● **Exercise**
Transcribe this listing exactly; omit the pictures.

● **Data provided**
================
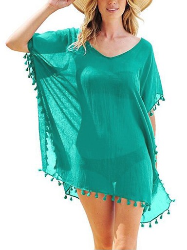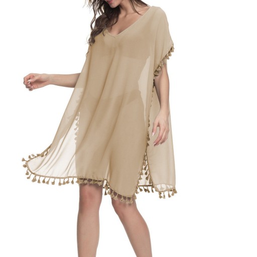 LEKKA SZYFONOWA TUNIKA PLAŻOWA Z OZDOBNYMI FRĘDZELKAMI
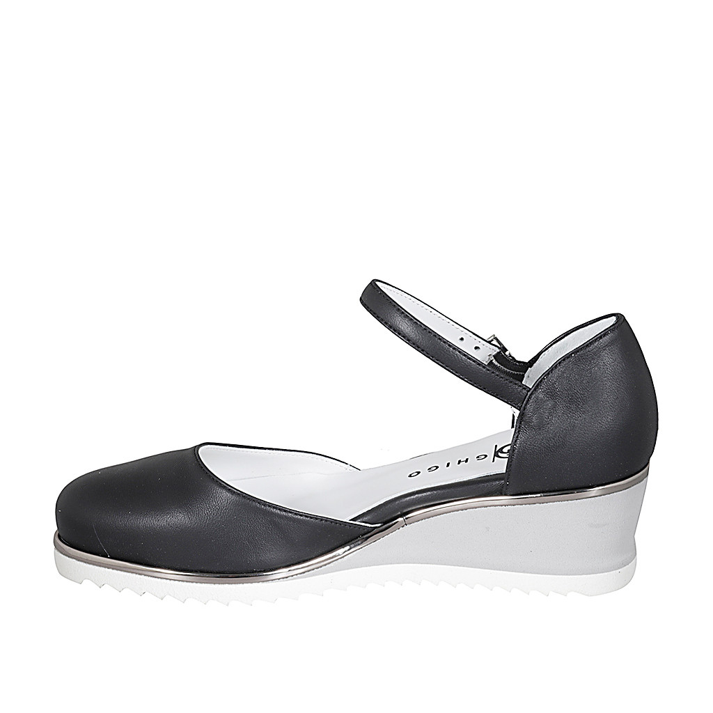 Woman's open shoe with strap in white leather heel 2
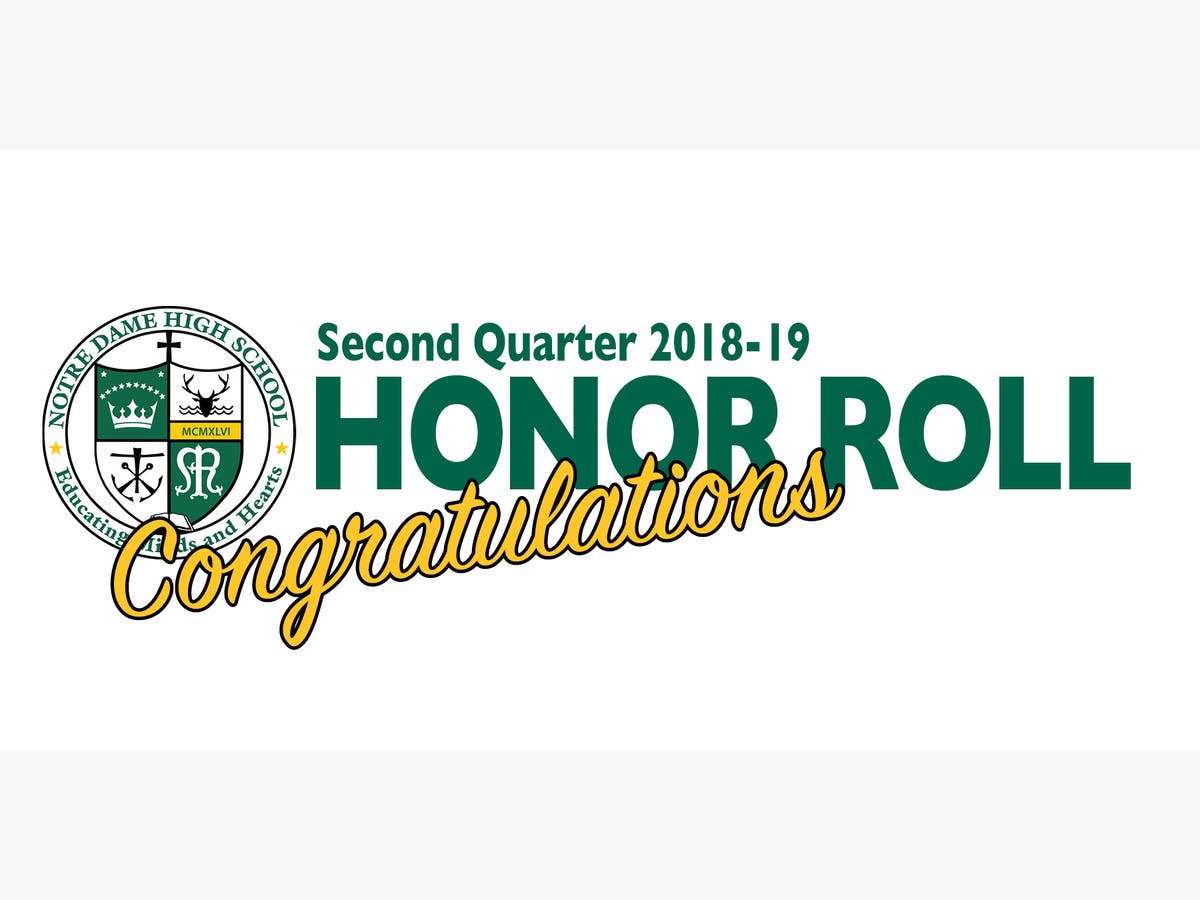 Notre Dame High School recently announced the Honor Roll for the Second Quarter of the 2018–19 academic year.
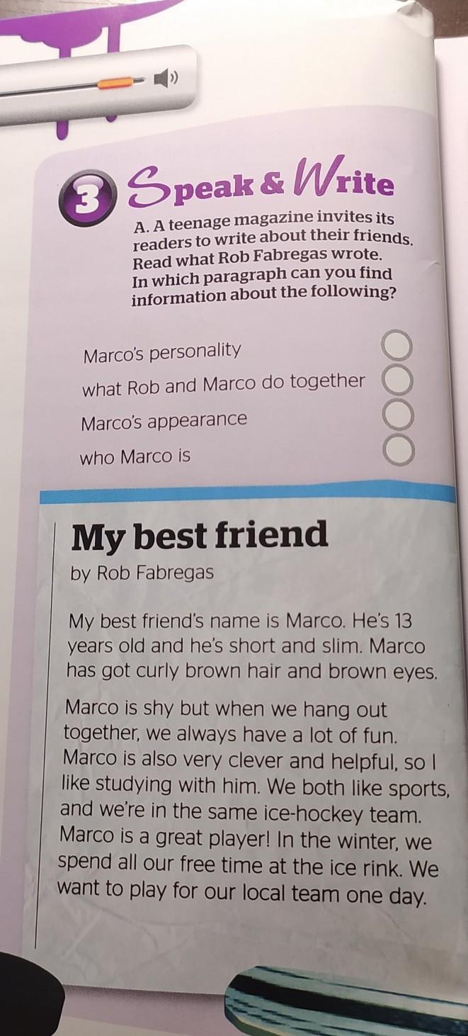 Marco's personality (2 параграф): Marco is shy, also very clever and helpful (Марко стеснительный, также очень умный и любит помогать)
================
● **Solution for this exercise**
 LEKKA SZYFONOWA TUNIKA PLAŻOWA Z OZDOBNYMI FRĘDZELKAMI
 Woman's open shoe with strap in white leather heel 2
 Notre Dame High School recently announced the Honor Roll for the Second Quarter of the 2018–19 academic year.
 Marco's personality (2 параграф): Marco is shy, also very clever and helpful (Марко стеснительный, также очень умный и любит помогать)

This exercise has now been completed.